══ Record set ══
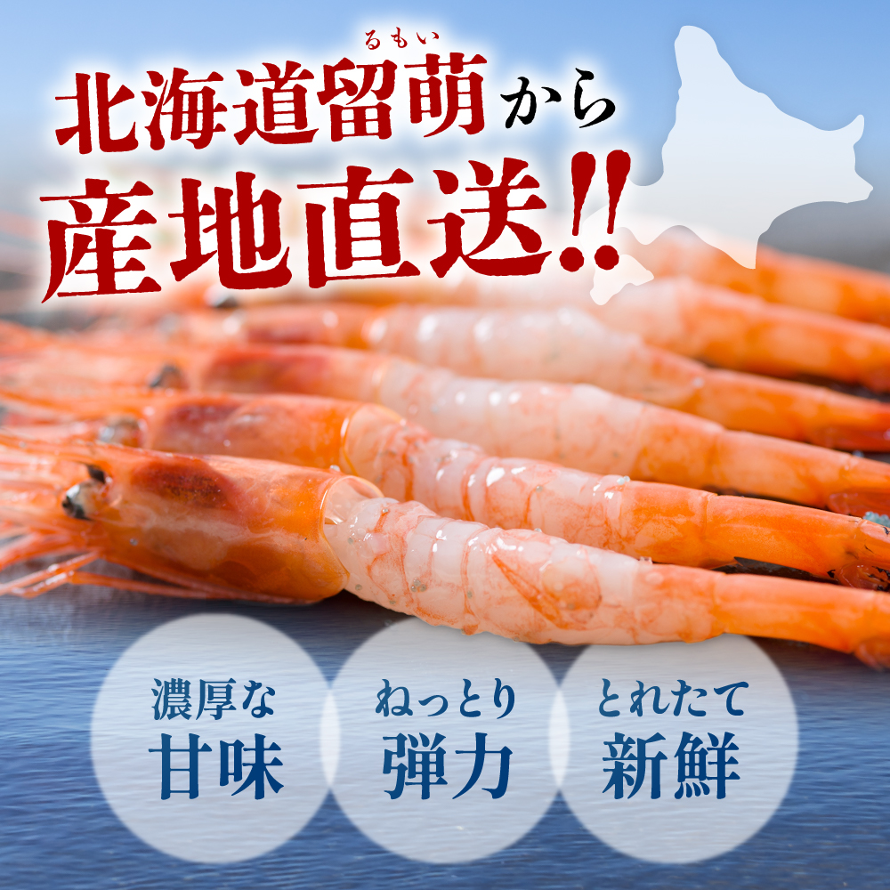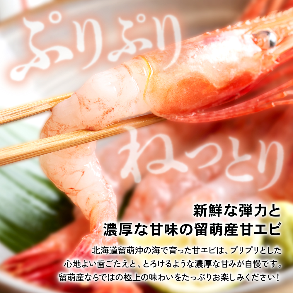 北海道留萌沖で、新星マリン所属の徳漁丸が漁獲した鮮度抜群のナンバンエビです。甘味があり、刺身も最高、塩焼き最高、塩ゆで最高、天ぷら最高で色々な食べ方があります。
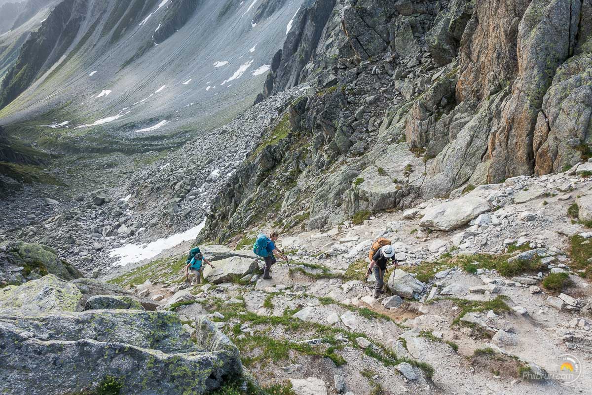Ces étapes nécessitent un entrainement préalable à la randonnée en montagne avec le port d’un sac à dos. La marche se fait principalement sur sentier, mais les dénivelés rencontrés sont parfois importants. Il n’y a par contre, aucune difficulté technique (sauf en cas de neige tardive). Deux passages, peuvent être délicats enneigés, la variante du col des Fours et la fenêtre de l’Arpette. Il vaudra alors mieux éviter de les faire si les conditions d’enneigement les rendent délicats. Les gardiens des refuges sauront vous renseigner sur la bonne option à prendre. Une autre étape présente des difficultés mineures, la montée au Lac Blanc qui se fait par endroit par des échelles. Il faut donc mieux que les randonneurs ne soient pas trop sensibles au vertige, même si ces passages ne présentent aucune difficulté technique.
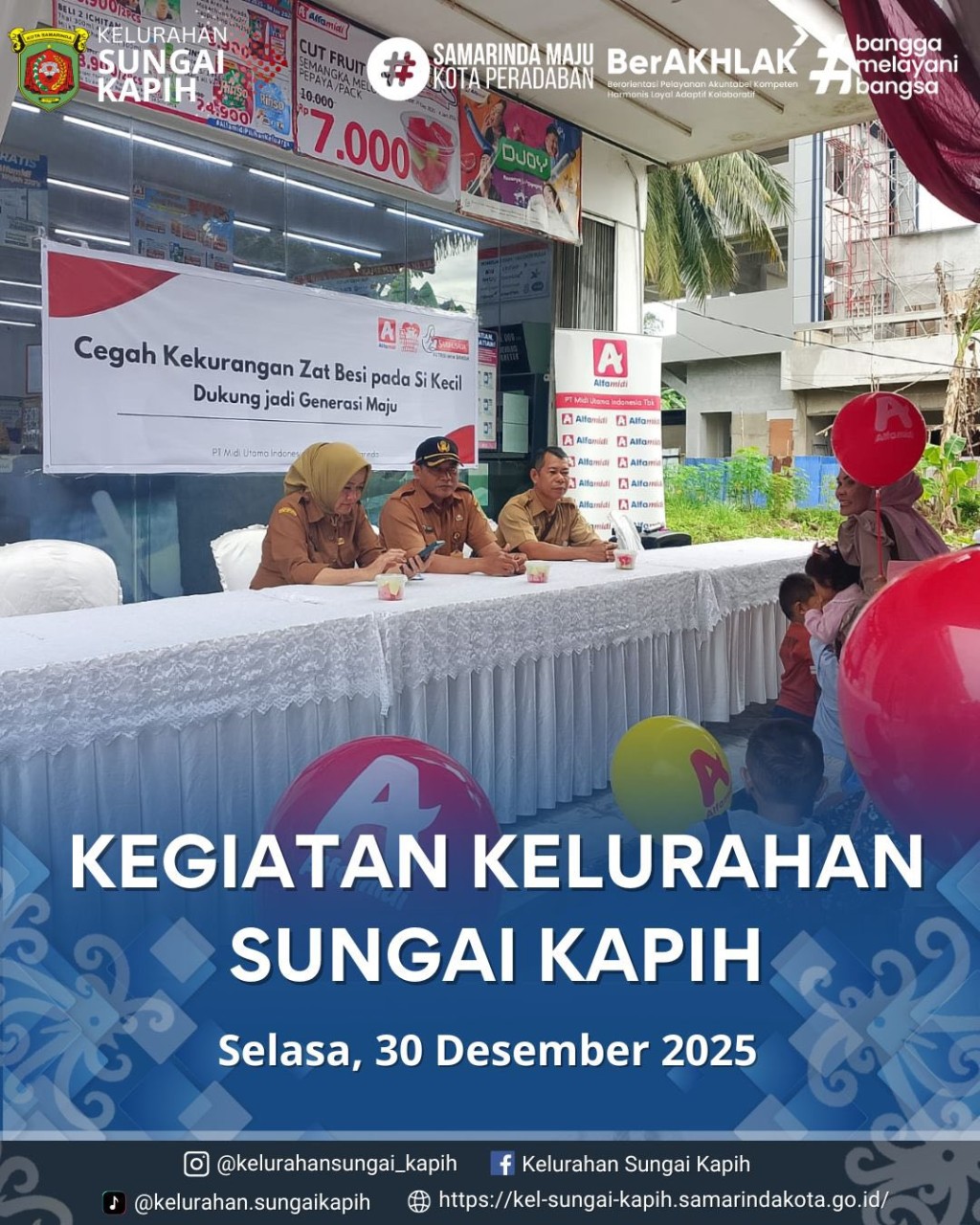 Kegiatan Kelurahan Sungai Kapih, Selasa 30 Desember 2025 January 22, 2026 Menghadiri sosialisasi dukung kekurangan zat besi pada si kecil dukung generasi maju pelaksana alfamidi lokus jl kapten soedjono sungai kapih Shift piket harian staf di kantor kelurahan lama jl tatako sungai kapih Staf menerimakan kekurangn bantuan pohon buah mangga seb...
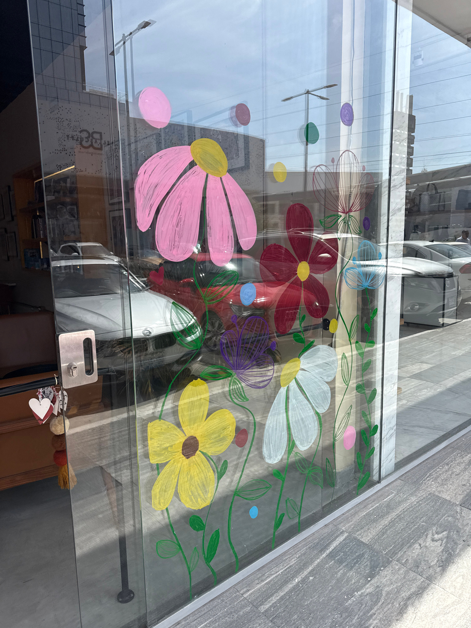 The image shows a window display in Puebla, Mexico, adorned with colorful floral paintings. The foreground reveals a glass pane decorated with a whimsical assortment of flowers in shades of pink, red,…read more
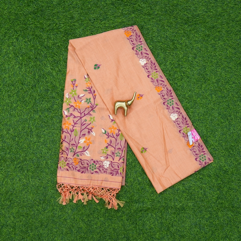 Light Orange Color Floral Designer Fancy Saree
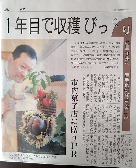 室蘭民報でも『1年目で収穫びっくり くりの里伊達へ、産地化研究会「楽しみ」』として紹介されました。
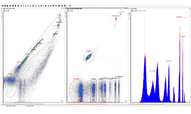 圖1:不同大小標準微球在峰形圖中的分辨率可很好地展現流式細胞儀的分析性能。理想情況下,8種不同大小的標準微球峰形群應相互分離,并可與儀器噪聲明顯區分開:6種大小,折射率為1.43的二氧化硅微球和2種大。110nm和500nm),折射率為1.59的綠色熒光乳膠微球(488nm激光激發)(中間圖)。
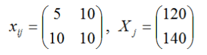 Матрица межотраслевых материальных связей xij и матрица валового выпуска Xj приведены в таблице:
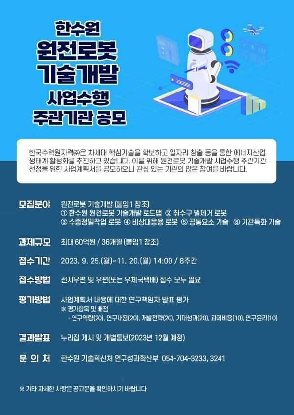 한수원 원전로봇 기술개발 사업계획서 공모
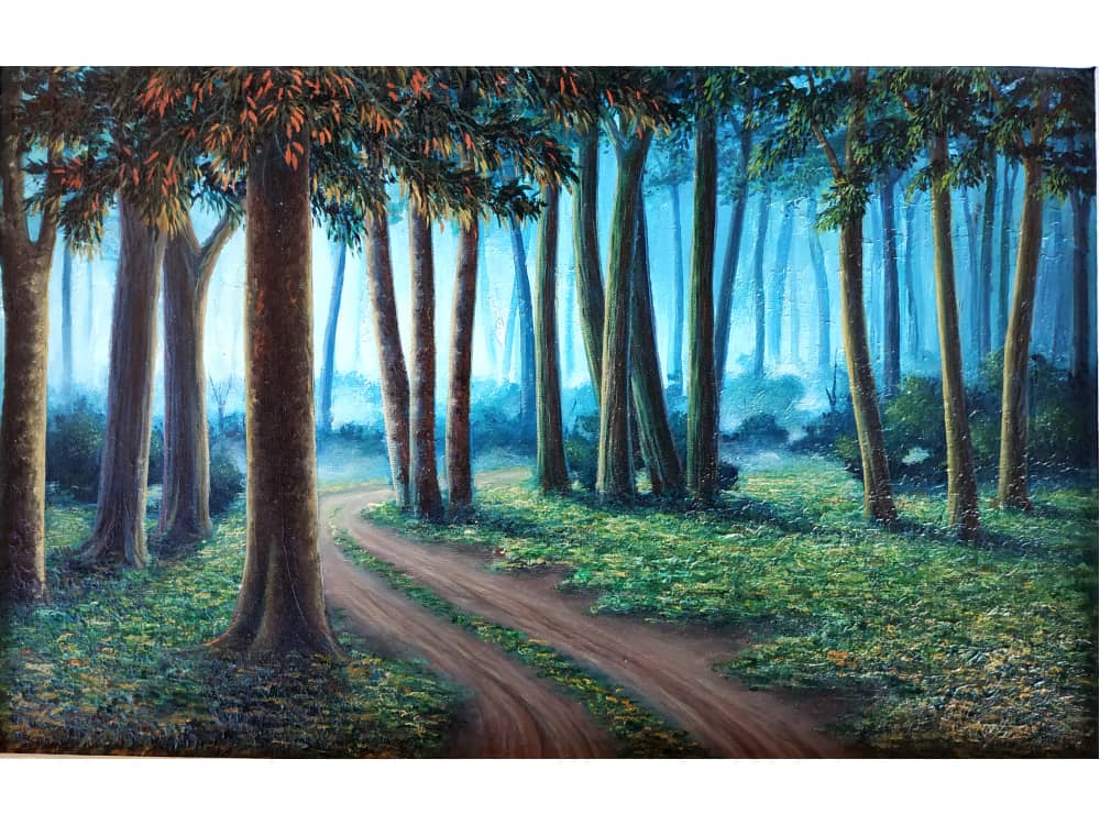 En esta ocasión el encierro, generado por la inclemente pandemia que nos azota, hizo acudir a este artista de la plástica a las reminiscencias de lo primero que vieron sus ojos en el entorno campestre donde nació, conformado por ríos y arroyuelos, árboles, floresta, caminos, veredas y el arrullo del viento en su eterna controversia con el silencio. Si me precisaran a sintetizar en pocas palabras este conjunto de cuadros de formato menor, realizados con la técnica del óleo sobre tela, diría que se trata de un viaje a la nostalgia y que cada paisaje representa un fotograma de intensos momentos vividos por este hombre que ahora acude a su talento en el manejo de los colores para dejarnos un testimonio inmortal de sus vivencias.
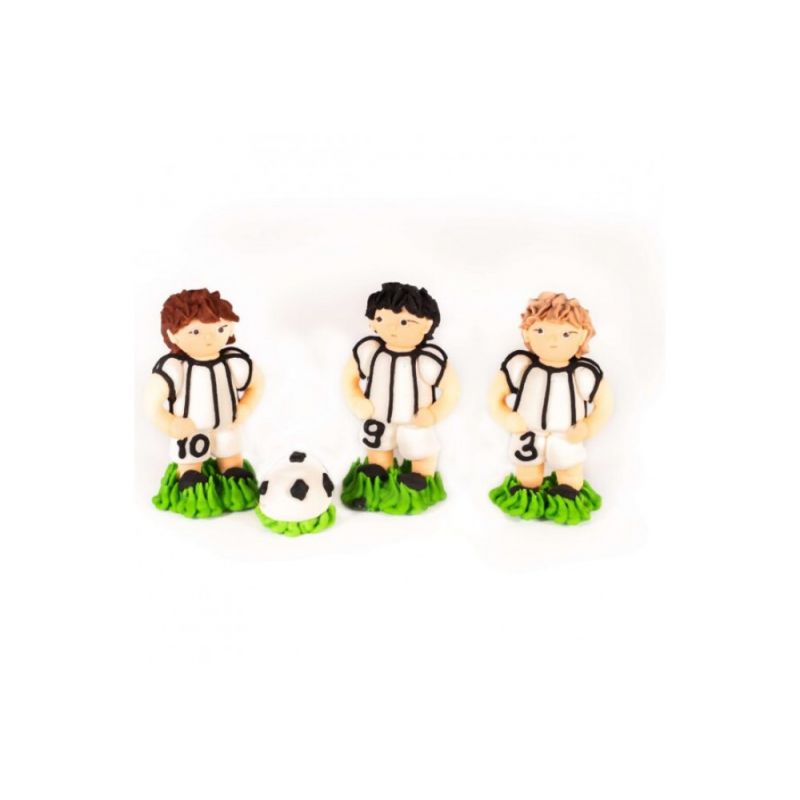 Zuckerfiguren in Form von Fußballspielern mit Schuhen.
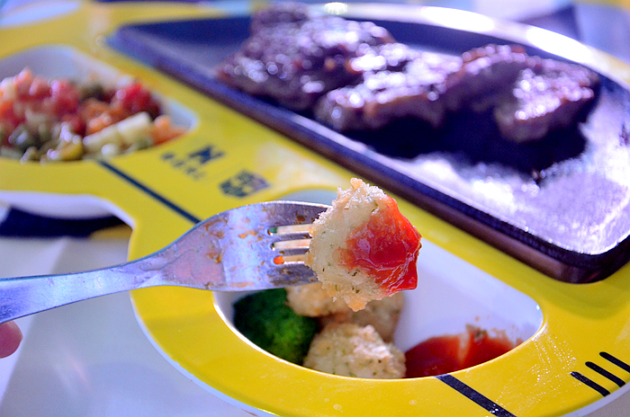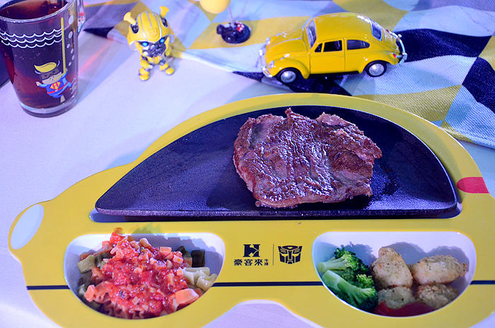 嘟嘟牛排套餐的容器很有趣,是变形金刚的大黄蜂甲壳虫汽车造型,颜色是悦目的黄色,很符合孩子好奇爱玩的天性。
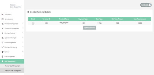 To allocate the terminal to the user go to the User Management section. Then you have to click on search to get the list of users which allows you to "Add Terminal" the user details by clicking on "Add Terminal" button.
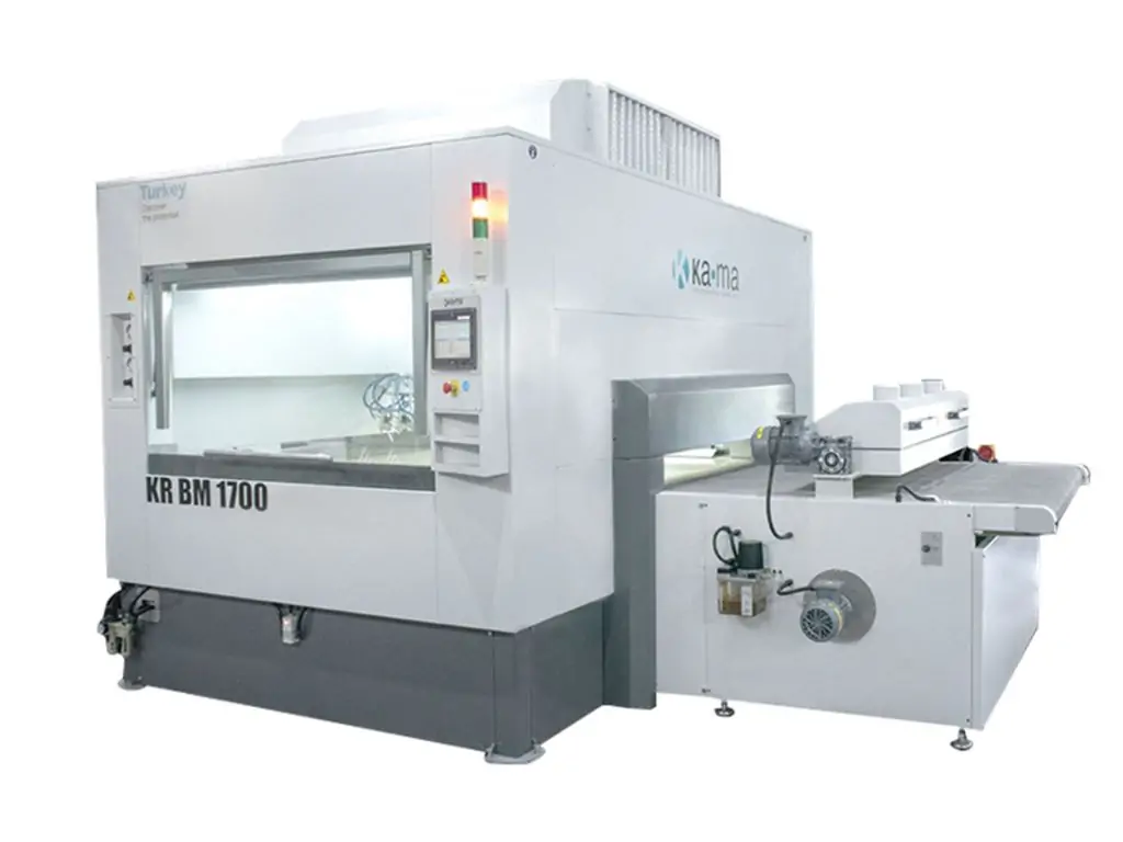 У машині для фарбування KR BM-1700 пил з продукту видаляється щіткою і повітряними форсунками. Статична електрика, що утворилася на виробі в результаті тертя, нейтралізується антистатичним стрижнем. Інтелектуальна система повітряного струменя, яка визначає, що продукт доставлений, починає дуття і зупиняється, коли продукт проходить, економлячи при цьому енергію. Автоматичне регулювання висоти полегшує роботу користувача.
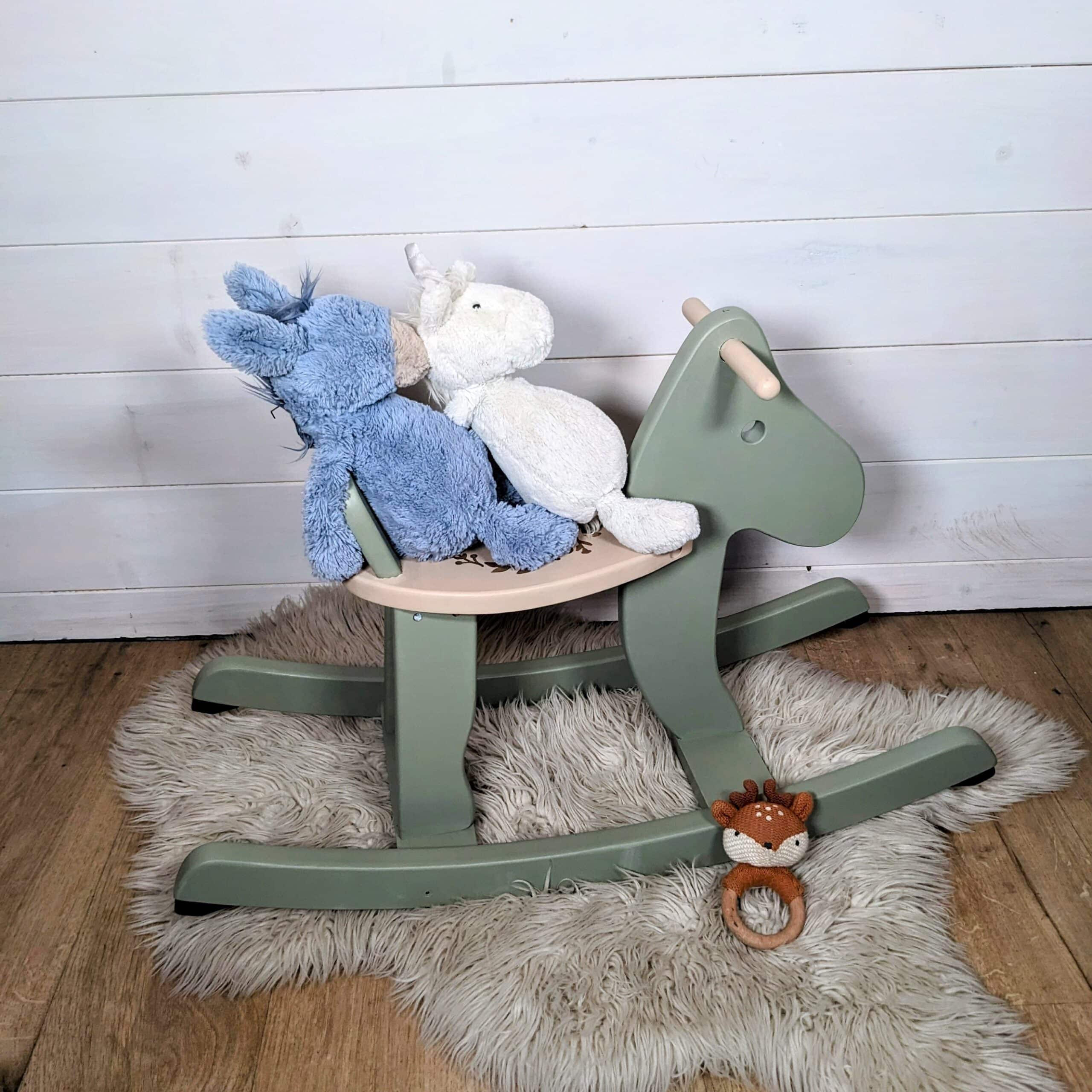 Fabriqué en bois de qualité, relooké avec une palette apaisante de vert sauge et beige, ce cheval à bascule deviendra le compagnon préféré de votre enfant.
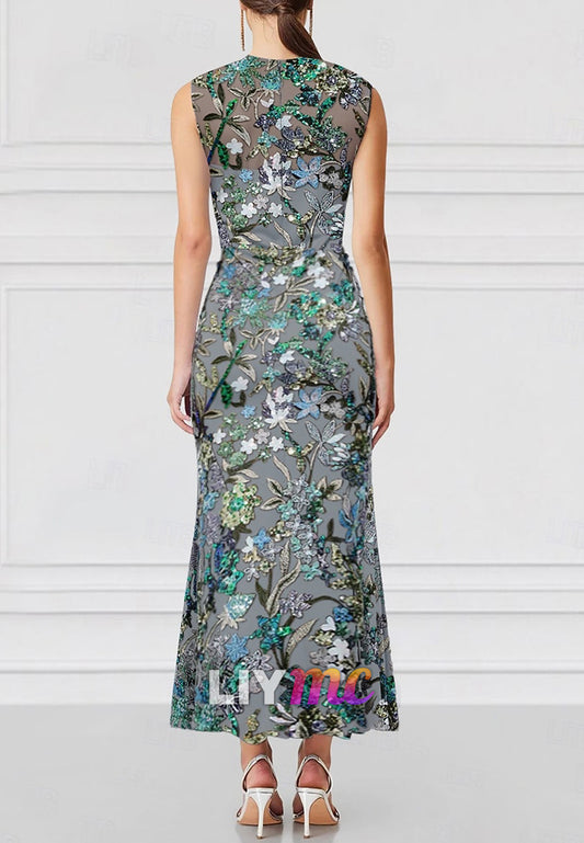 Trumpet Cocktail Dresses Embroidered Elegant Formal Wedding Guest Floor Length Sleeveless
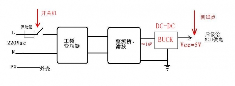 下圖是我機器一款電源的問題(工頻的,不是開關電源AC-DC:lol),就是開關機時有較大的沖擊電壓。
═══
_What is being asked_
In the data above, start at the line holding "한수원 원전로봇 기술개발 사업계획서 공모" and stop after the line holding "To allocate the"; write out those lines exactly, without pictures.

_Response to this exercise_
 한수원 원전로봇 기술개발 사업계획서 공모
 En esta ocasión el encierro, generado por la inclemente pandemia que nos azota, hizo acudir a este artista de la plástica a las reminiscencias de lo primero que vieron sus ojos en el entorno campestre donde nació, conformado por ríos y arroyuelos, árboles, floresta, caminos, veredas y el arrullo del viento en su eterna controversia con el silencio. Si me precisaran a sintetizar en pocas palabras este conjunto de cuadros de formato menor, realizados con la técnica del óleo sobre tela, diría que se trata de un viaje a la nostalgia y que cada paisaje representa un fotograma de intensos momentos vividos por este hombre que ahora acude a su talento en el manejo de los colores para dejarnos un testimonio inmortal de sus vivencias.
 Zuckerfiguren in Form von Fußballspielern mit Schuhen.
 嘟嘟牛排套餐的容器很有趣,是变形金刚的大黄蜂甲壳虫汽车造型,颜色是悦目的黄色,很符合孩子好奇爱玩的天性。
 To allocate the terminal to the user go to the User Management section. Then you have to click on search to get the list of users which allows you to "Add Terminal" the user details by clicking on "Add Terminal" button.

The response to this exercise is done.